=== WHAT TO WORK ON ===
The lines below must be transcribed exactly as given, with the images removed.

=== SUPPLIED DATA ===
------------------------------------------------------------------------
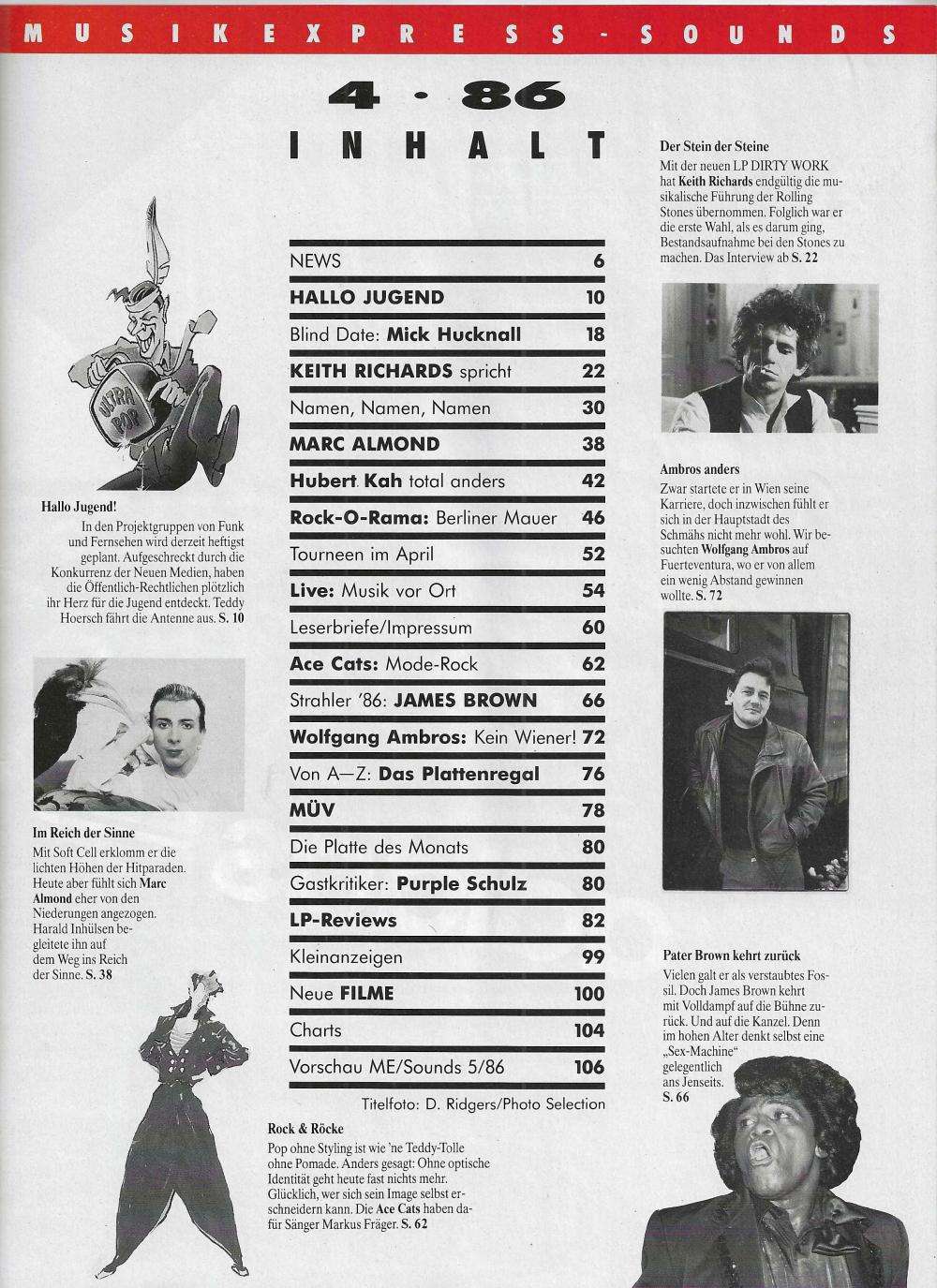 Funk und Fernsehen für die Jugend, Matt Bianco, Marc Almond, Hubert Kah, Rock-O-Rama Special: Berliner Mauer, Ace Cats, James Brown, Wolfgang Ambros, Plattenkritiken auf 17 Seiten, Filmtipps und vieles mehr
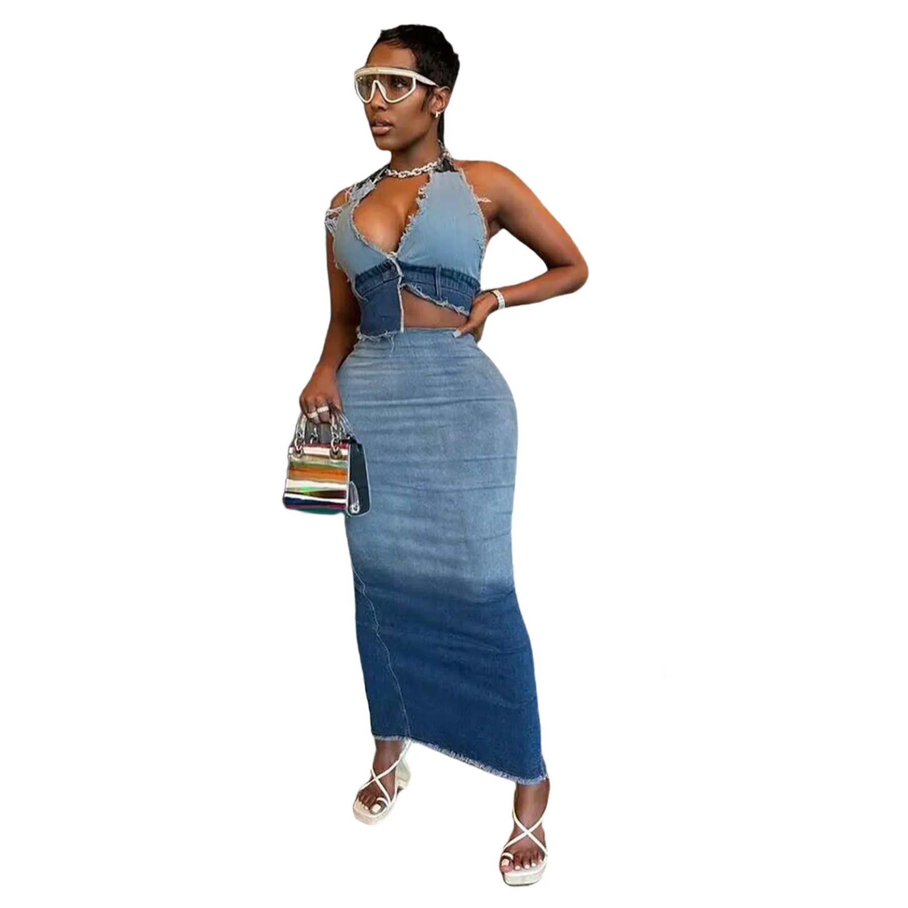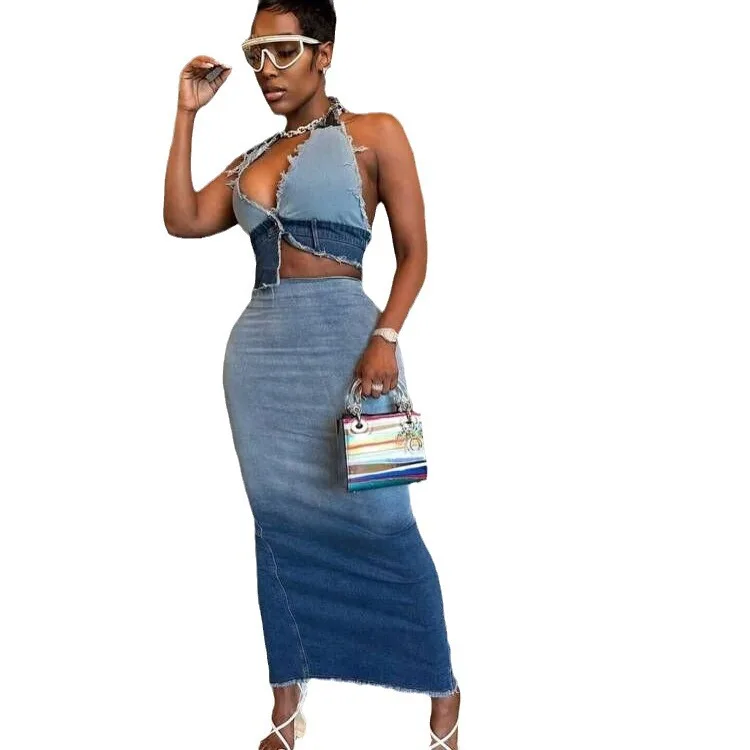 New Women's Vintage Denim Skirt Set European American Style Sleeveless Halter-Neck Lace-Up Backless Gradient Color Set
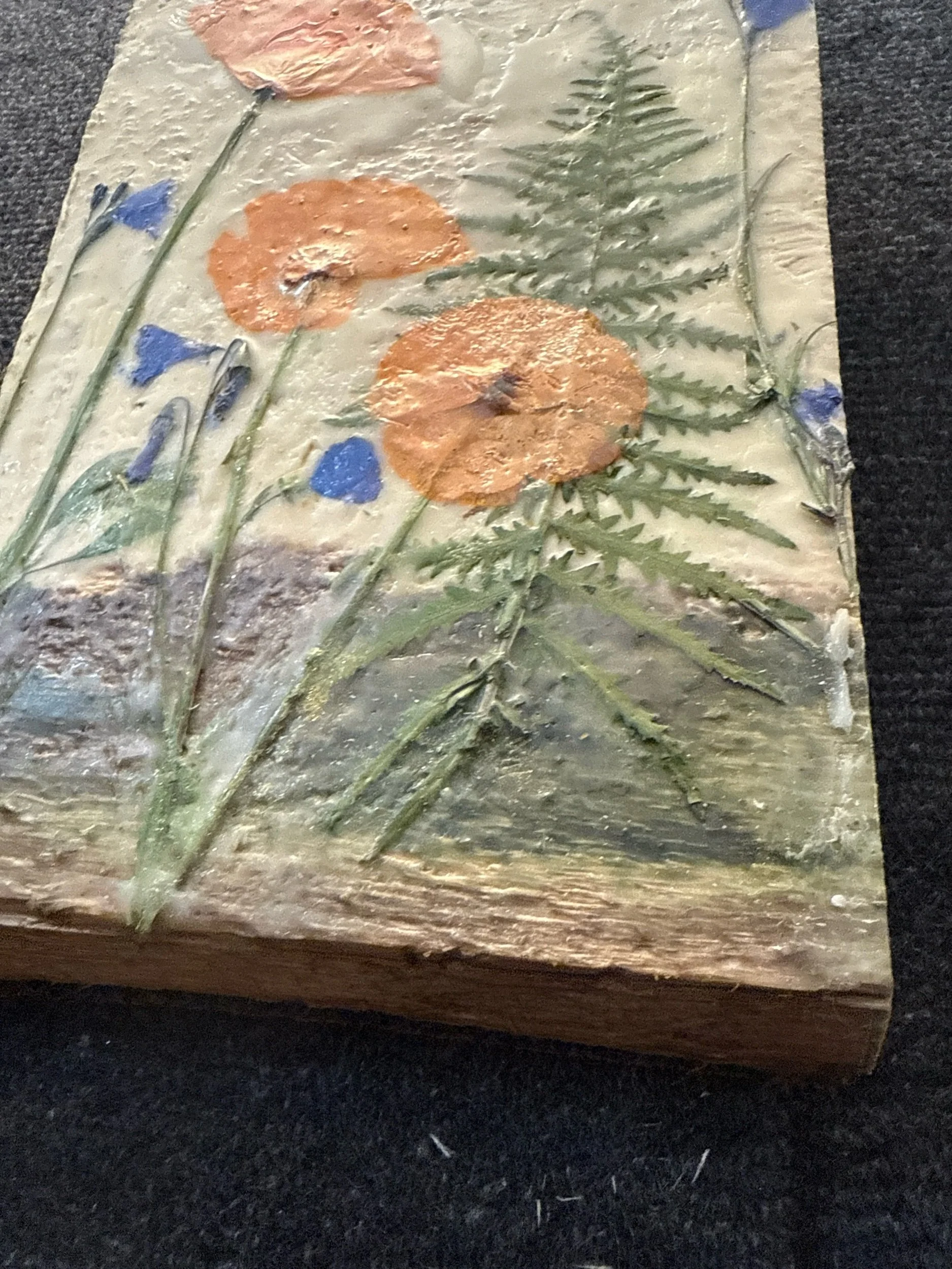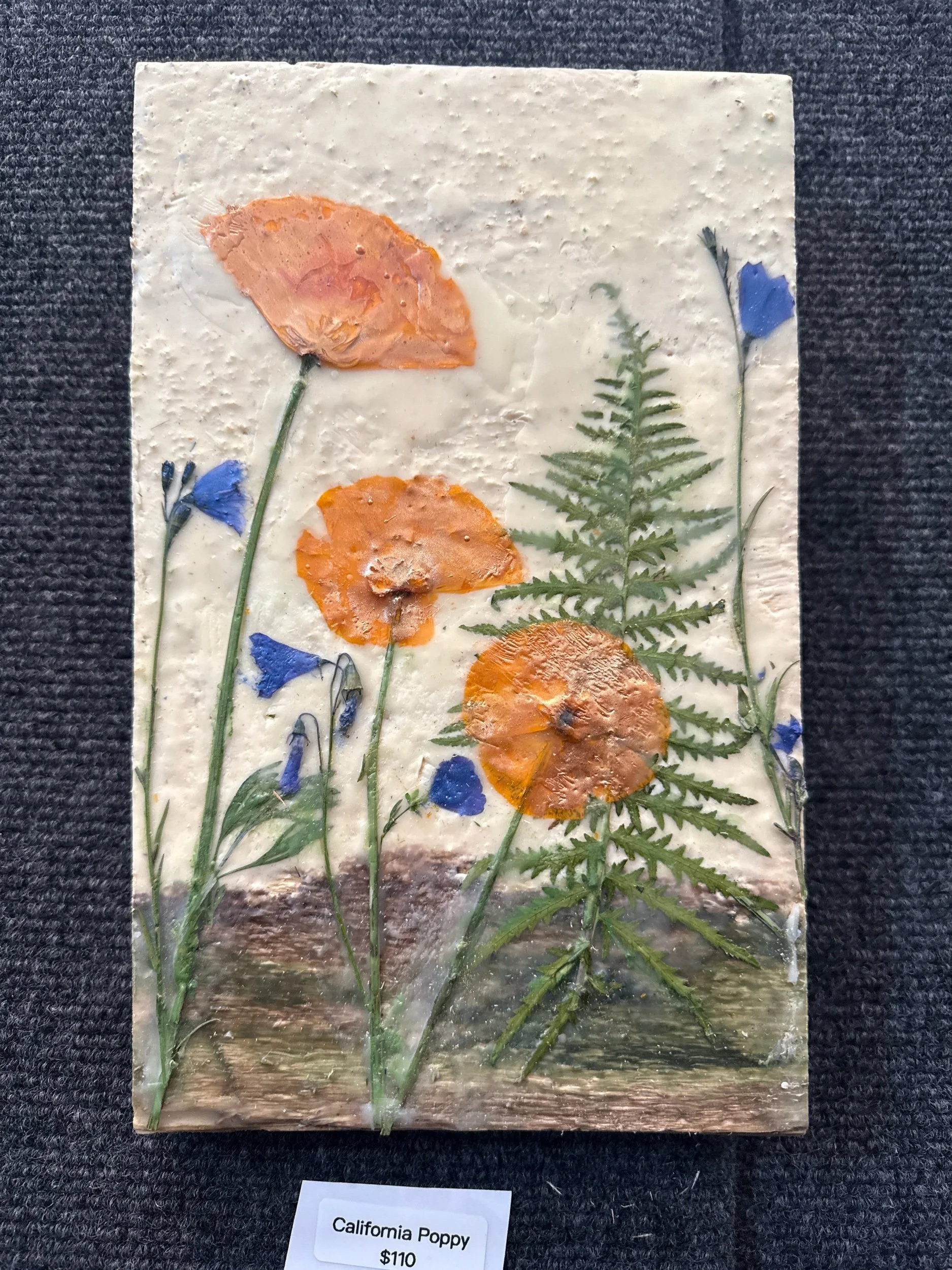 Encaustic botanical collage with preserved specimens of California poppy, fern and Scottish bluebells on plank of live edge pine board 6x10 inches.
------------------------------------------------------------------------
=== PROBLEM SOLUTION ===
 Funk und Fernsehen für die Jugend, Matt Bianco, Marc Almond, Hubert Kah, Rock-O-Rama Special: Berliner Mauer, Ace Cats, James Brown, Wolfgang Ambros, Plattenkritiken auf 17 Seiten, Filmtipps und vieles mehr
 New Women's Vintage Denim Skirt Set European American Style Sleeveless Halter-Neck Lace-Up Backless Gradient Color Set
 Encaustic botanical collage with preserved specimens of California poppy, fern and Scottish bluebells on plank of live edge pine board 6x10 inches.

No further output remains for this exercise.